[bash] Extract data from log file in specified range of time

I want to extract information from a log file using a shell script (bash) based on time range. A line in the log file looks like this:

172.16.0.3 - - [31/Mar/2002:19:30:41 +0200] "GET / HTTP/1.1" 200 123 "" "Mozilla/5.0 (compatible; Konqueror/2.2.2-2; Linux)"

i want to extract data specific intervals. For example I need to look only at the events which happened during the last X minutes or X days ago from the last recorded data. I'm new in shell scripting but i have tried to use grep command.

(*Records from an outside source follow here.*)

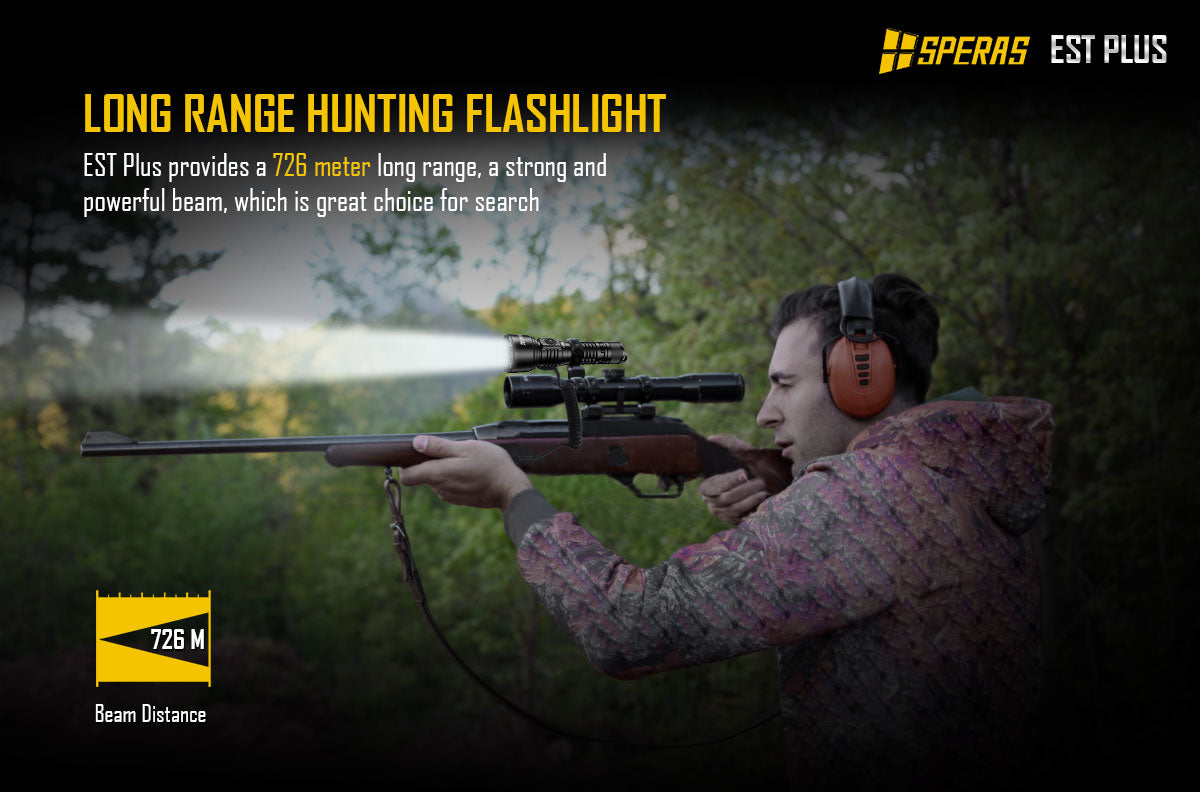 The EST PLUS is a new powerful flashlight that produces a maximum output of 1600 lumens, with a 726-meter throw, from its Luminus SFT40 LED and advanced driver. Building on the classic features of EST, the sturdy and classic appearance of the EST PLUS includes a very user-friendly interface with a tail button and a side button. It supports USB-C for fast charging reaching a full charge within 4.3 hours. Powered by a single 18650 3800mAh battery, it provides a long run time of up to 140H. With unbeatable performance and a durable build, the EST PLUS is the preferred choice for hunting, search and rescue, police duty, outdoor activities like camping, etc.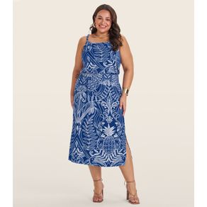 Saia Midi Feminina Plus Size Secret Glam Azul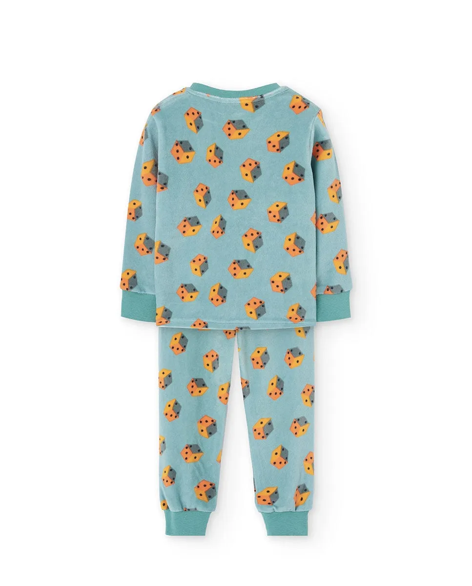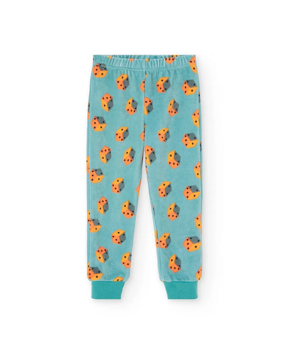 Детская пижама из трикотажа зеленого цвета с рисунком кубиков, идеально подходит для осенних и зимних ночей. Изготовлена из мягкого трикотажного материала, который обеспечивает комфорт и свободу движений, с длинными рукавами и штанинами для тепла во время отдыха. Доступна в размерах от 2 до 14 лет, предлагает веселый и уютный вариант, чтобы дети спали спокойно и стильно.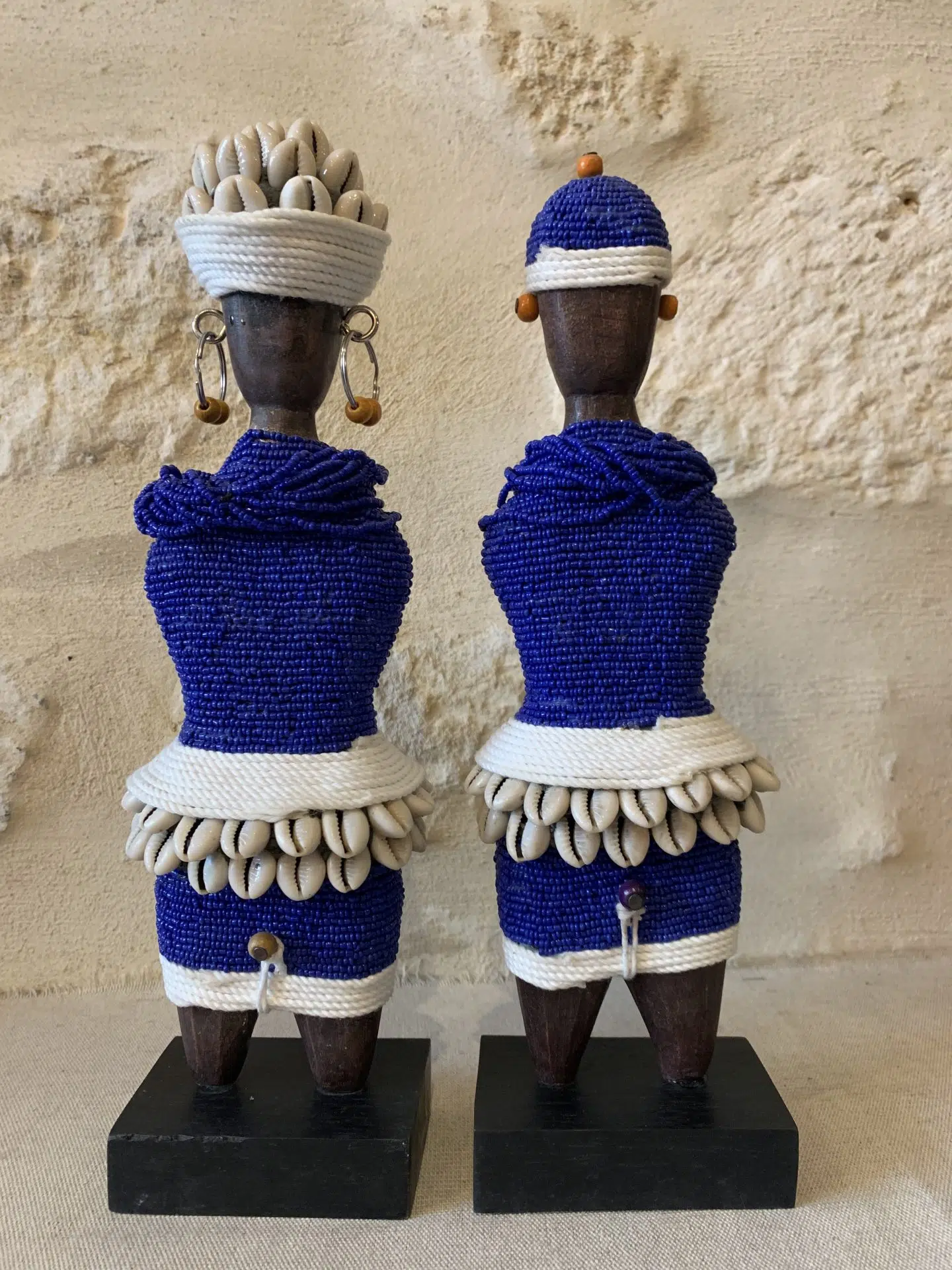 Cette jolie poupée Namji de fécondité, en bois, recouverte de perles, avec une coiffe en cauris, a été sculptée à la main, au Cameroun.
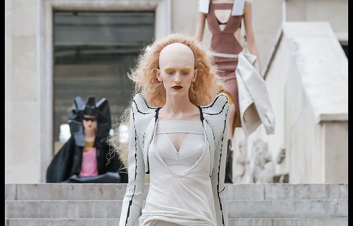 Vedle tohoto „trendy“ účesu představil Rick Owens modely sochařských siluet, okázalé klobouky a sluneční brýle, díky kterým modelky vypadaly jako návštěvnice z jiné galaxie.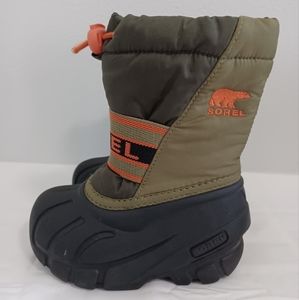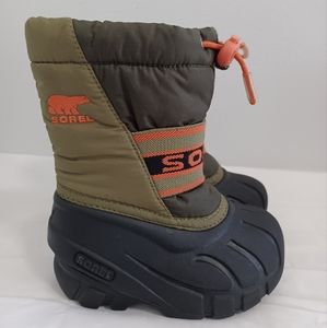 SOREL kids winter snow boots green orange size 6

This question is related to bash

The answer is


I used this command to find last 5 minutes logs for particular event "DHCPACK", try below:

$ grep "DHCPACK" /var/log/messages | grep "$(date +%h\ %d) [$(date --date='5 min ago' %H)-$(date +%H)]:*:*"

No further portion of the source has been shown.